Stored items
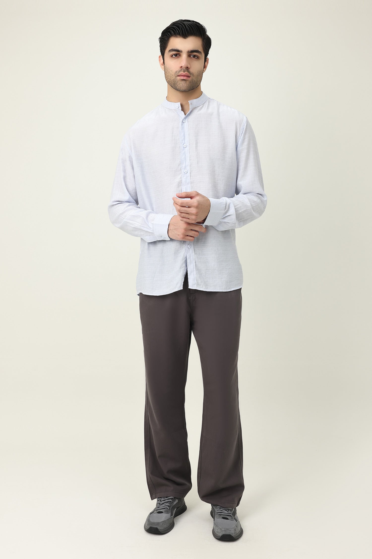 Band collar design adds a modern and minimalistic touch.
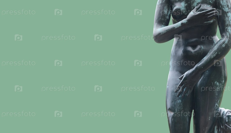 Бронзовая античная статуя "Венера Милая" изолирована на зеленом фоне (часть), макеты плакатов
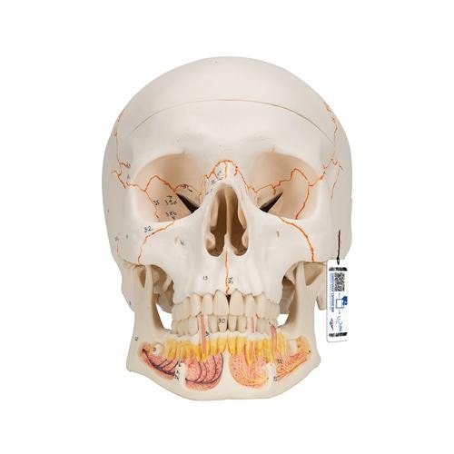 This dental skull with opened mandible exposes tooth roots with vessels and nerves. The skull model also features the numbering of the cranial bones, bone components, fissures, foramina and other structures. The cranial sutures are shown in color, as are the meningeal vessels and venous sinuses. This skull is a great tool for dental students and teachers alike.
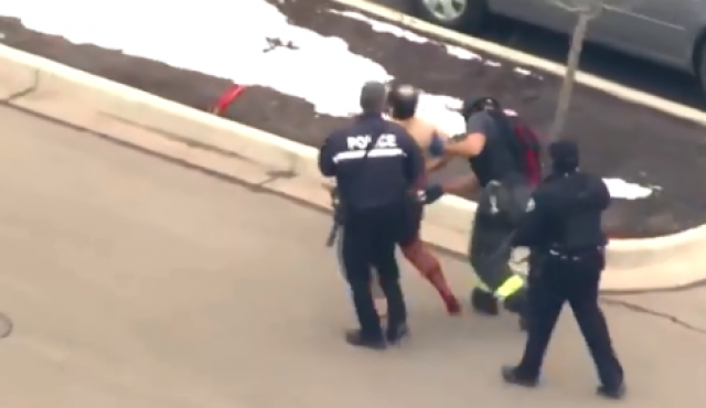 وأظهر مقطع فيديو من مكان الحادث بثته محطة التلفزيون المحلية "KDVR-TV"، رجلا ملتحيا بلا قميص يجري اقتياده مكبل اليدين، وشخصا على نقالة يجري نقله إلى سيارة إسعاف. وبدا أن ساق الرجل المقيد ملطخة بالدماء.
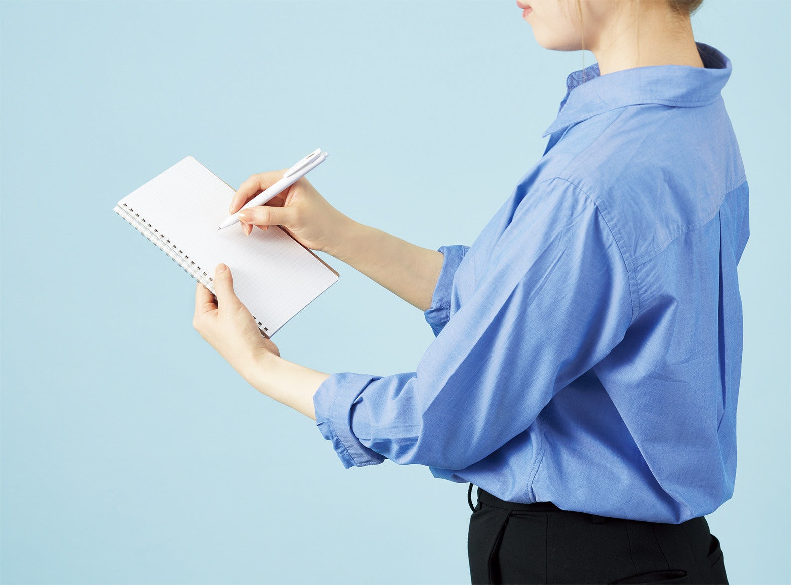 サイズは、それぞれコンパクトに持ち運べる大きさながら、しっかり書く派向けのスリムA5サイズ、メモ書き派向けのスリムB6サイズの2種類を揃えました。カラーはシーンを選ばず使いやすいベーシックなブラック、ホワイト、ブルーの3色をラインアップ。表紙に同系色のゴムバンドをあしらうことで、アクセントとなり引き締まった印象となっています。

* What needs to be done: Write out, exactly and with no pictures, the lines of the data from the first through the line containing "This dental skull".

* Exercise output:
 Band collar design adds a modern and minimalistic touch.
 Бронзовая античная статуя "Венера Милая" изолирована на зеленом фоне (часть), макеты плакатов
 This dental skull with opened mandible exposes tooth roots with vessels and nerves. The skull model also features the numbering of the cranial bones, bone components, fissures, foramina and other structures. The cranial sutures are shown in color, as are the meningeal vessels and venous sinuses. This skull is a great tool for dental students and teachers alike.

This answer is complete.